I imagine threatening her with bodily harm. My mom used to do that all the time, and it worked because I had experienced bodily harm. I knew how it felt. My daughter, however, has not come across it, and it would raise my blood pressure even more to have to explain my threat. Loses its punch somehow if they don’t get it right away.
“Whine about one more thing, and you will have a serious repercussion.” Bodily harm she doesn’t get, but repercussions she knows, including their full range.
“Like what kind of repercussion? No dessert? No play date?”
“Like no talking for a whole day! Do you think you could stop talking for a whole day?” This makes her laugh, and she forgets her whining crusade. We are almost out the door, and I see hope for a fight-free ride to school when Baby Girl insists she come with us.
“I want to go to school with Desi!”
Can we slip her into some shoes quickly enough to make it before the second bell? As long as there is no more fussing!
Desi kisses Devany, “I love you, kasha (we still don’t know what kasha means).” But Devany doesn’t want to be kissed and bats Desi away. Desi bats back and connects with some flesh, and the tears start.
“Don’t hit your sister!”
“She hit me first!”
“Devany, why did you hit Desiree?”
See now, this would be a fuss.
In the car, Desiree apologizes to her sister, and I sigh with relief because we’ll just make it into the school at the second bell if there are no more delays, and I’ll have a chance to start the day all over again.
In by the second bell. Out in time to get Little Bit to nursery school.
Three hours to myself. Do I listen to the radio? Read the paper? Work out? Do laundry? Pack up the summer clothes and pull out the autumn ones? Go grocery shopping? Meditate? Work on my novel?
Two hours and thirty minutes left. I work out and listen to the radio and read the newspaper all at the same time.

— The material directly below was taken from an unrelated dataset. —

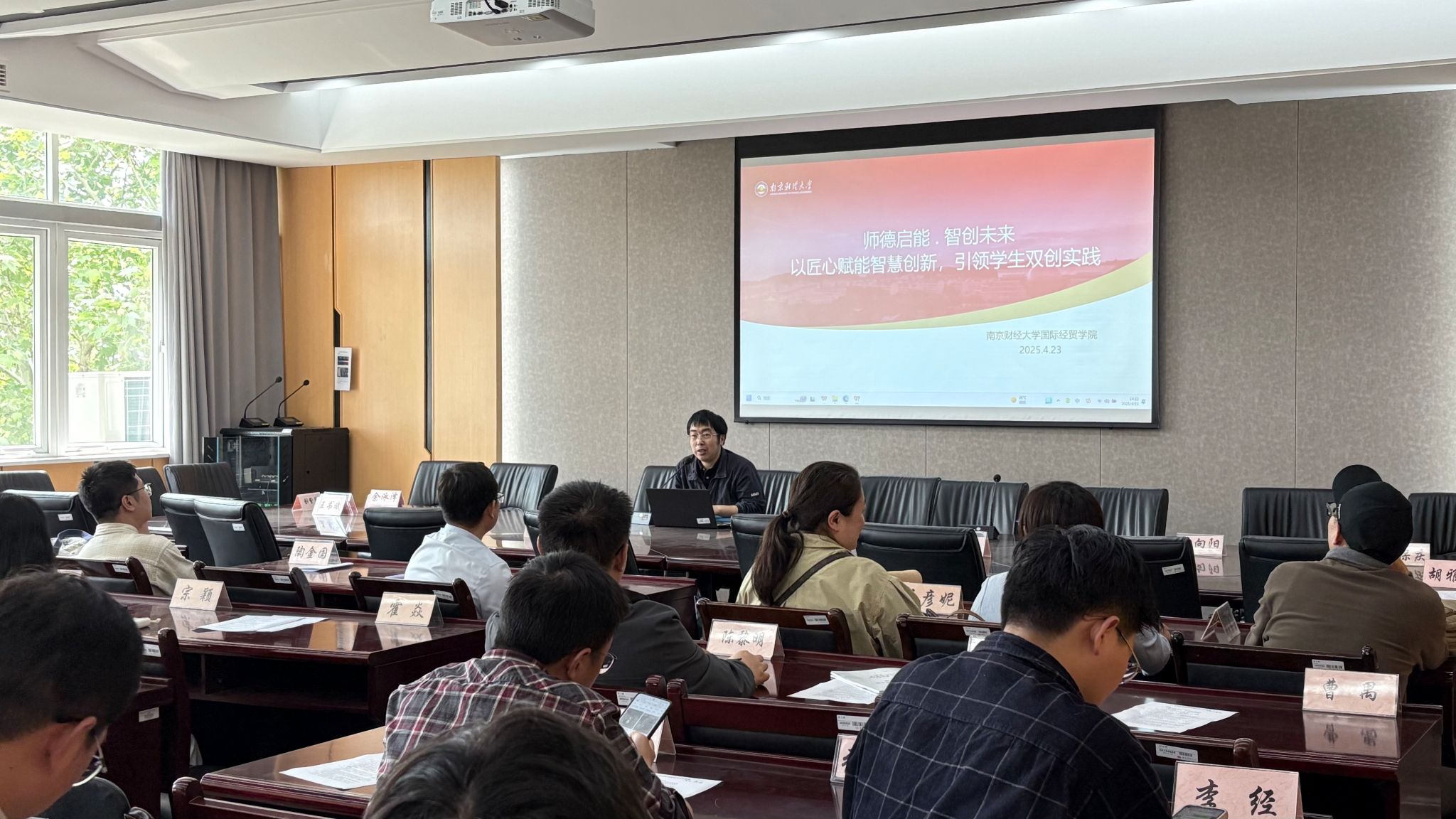 2025年4月23日下午,我院在德经楼308成功举办了一场以“师德启能·智创未来——以匠心赋能智慧创新,引领学生双创实践”为主题的名师名课示范观摩活动。李冠艺副院长担任主讲人,活动由院长余泳泽主持,学院教师到场参与学习交流。

One hour and thirty minutes left. I eat breakfast/lunch and take a shower.
One hour left.
I work on my novel. It was much more exciting when I started it seven years ago, before kids, before I knew what I know now. Time is precious. It takes me twenty minutes to recognize the words that I’ve written as mine, then another twenty minutes to lament the fact that these words aren’t mine anymore. I stare at the pictures on my inspiration board — a Buddha, a Billy Collins’ poem called the “Lanyard,” a picture of myself when I was paid to write. I want to cry. Twenty more minutes and I’m writing now from this new person’s mind — fragmented with just this bit of time to get something — anything — down at all.
Time to pick up baby girl from nursery school, then Desi at the bus stop.
Desi jumps off the bus so glad to see me she kisses me and hugs me and hugs her sister.
Today was a computer day, a gym day, a journal day she says. A big kid talked to her on the bus, and she’s beaming. She even asks about my day, what I did, and I smile grateful for her interest and whatever it was I did do. For five minutes, from the time we get off the bus until we get to our front door, all is right with the world. My kids love me. I love them. They are happy. A few words at a time I am getting that novel written. My life is charmed. I’m so happy I could scream, “Hot diggity!” And then, I put the key in the door, and it all starts again. The deficits.
But for five minutes, everything is even.